- Born: August 9, 1822 Walpole, Cheshire County, New Hampshire, United States
- Died: June 11, 1894 (aged 71) Vinita, Oklahoma Territory, United States
- Occupations: Politician, lawyer
- Title: United States Commissioner (Indian Territory)
- Term: 1890–1894
- Political party: Republican
- Spouse: Rachel L. Huckeby

= Charles Holland Mason =

American lawyer

Charles Holland Mason (August 9, 1822 – June 11, 1894) was a 19th-century American politician and lawyer. Mason served as United States Commissioner for the Indian Territory (now Oklahoma) from 1890 until his death.
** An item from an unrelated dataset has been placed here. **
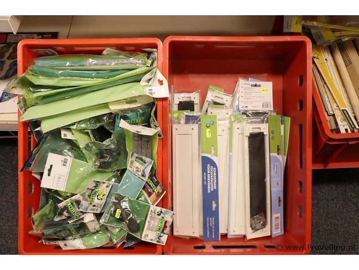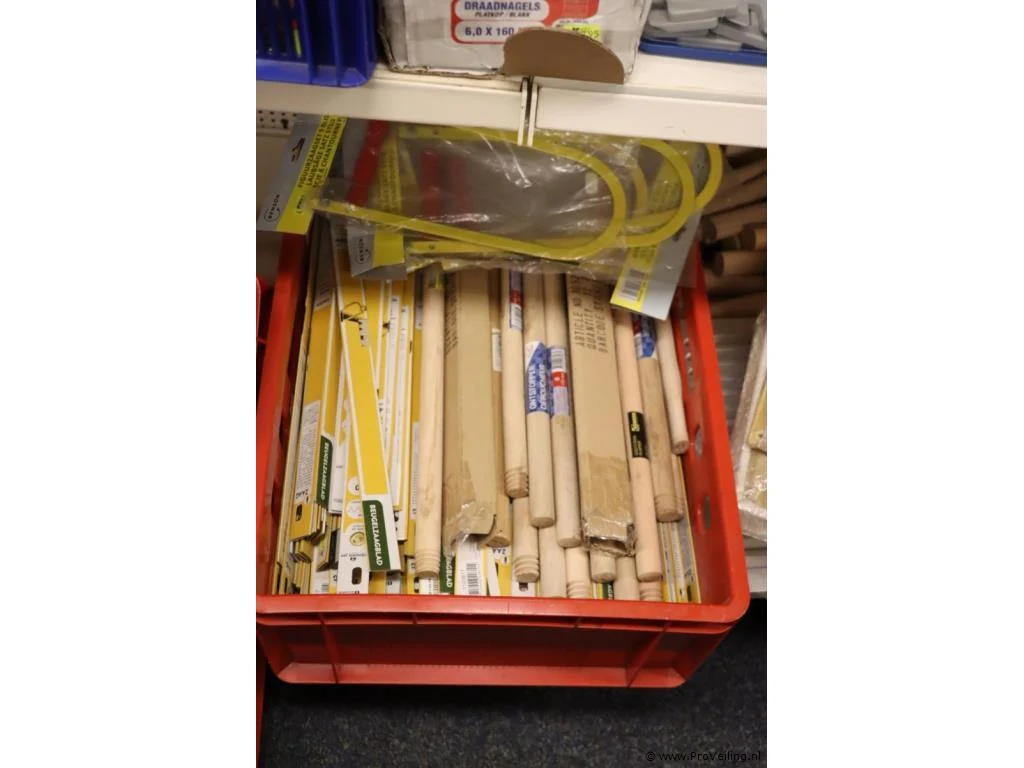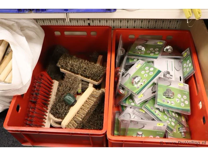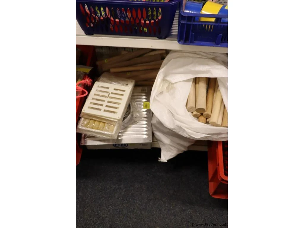 Partij diversen bestaande uit o.a. bezems, tochtafsluiter voor brievenbus, roosters & figuurzaagset; zie afbeeldingen. Excl. Rode kratten.

==Early life and marriage==
Mason was born in Walpole, New Hampshire to Joseph and Harriet (Ormsby) Mason. Mason received a thorough classical education to fit him for practicing law. Mason attended the Hancock Literary and Scientific Institute. At age twenty-one, he emigrated West, locating first at Louisville, Kentucky where he was employed as tutor in a private family, studying law between school hours with Hamilton Smith. A year later, he was admitted to the bar at Louisville. He came to Perry County, Indiana during the 1840s.

On March 20, 1852, in Cannelton, Indiana, Mason married Rachel Littell (Huckeby) Wright (1828–1883), the young widow of John G. Wright, the daughter of Joshua B. Huckeby and Rebecca Lang. The couple had no children.

==Political career==
In 1890, Mason was appointed by president Benjamin Harrison as United States Commissioner for the Indian Territory (before the organization of Oklahoma) with headquarters at Vinita, where he died in June 1894.